Como esperado, nada de novo emergiu, os dois confirmaram tudo o que já haviam dito à Polícia Federal e à Justiça e que já é de amplo conhecimento público. Youssef reafirmou que, segundo seu entendimento, a presidente Dilma Rousseff sabia de todo o esquema por meio de Costa – que, por sua vez, negou novamente ter tido qualquer contato com Dilma ou com o ex-presidente Lula para tratar da operação na Petrobrás. Os dois mantiveram também a contradição a respeito da suposta participação do ex-ministro Antonio Palocci no escândalo – Costa sustentou a versão segundo a qual Youssef lhe pediu dinheiro para a campanha de Dilma, em 2010, a pedido de Palocci, e o doleiro continuou a negar tudo.

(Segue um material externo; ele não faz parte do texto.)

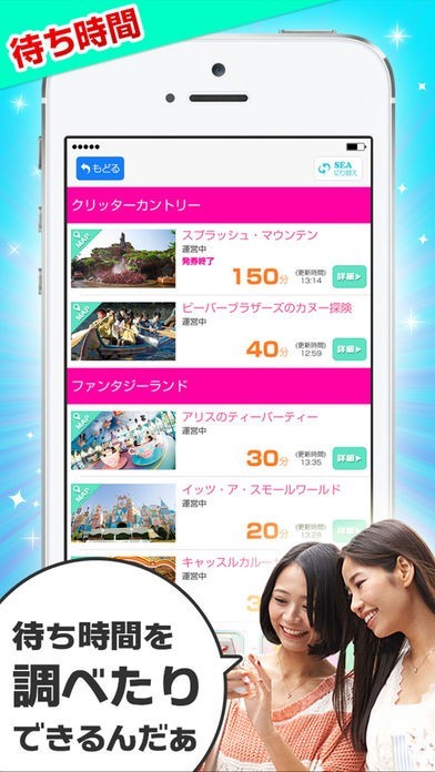 「ランドへGO!」を使えばディズニーランドやシーの楽しみが広がります。このアプリの便利な機能として、アトラクションの待ち時間の確認が出来ます。園内を歩いて待ち時間を確認をする必要がなくなりとても快適です。その他、当日のショーの開催時間のスケジュールとお知らせアラーム機能があるので、遊ぶのに夢中で時間を忘れたりする事を防止できます。また夕食を選ぶ際はiPhoneの画面でレストランの検索は勿論、メニュー確認まで出来るので非常に便利です。

A esse propósito, porém, Youssef informou aos parlamentares que “tem outro réu colaborador que está falando” e que, “assim que essa colaboração for noticiada, vocês vão saber quem pediu e quem repassou os recursos”. Ou seja, Youssef, um dos réus do processo, parece ter acesso a informações sobre outros depoimentos da Lava Jato que ainda não são públicas. Essa situação não parece ter causado espanto aos parlamentares, que tocaram a sessão adiante.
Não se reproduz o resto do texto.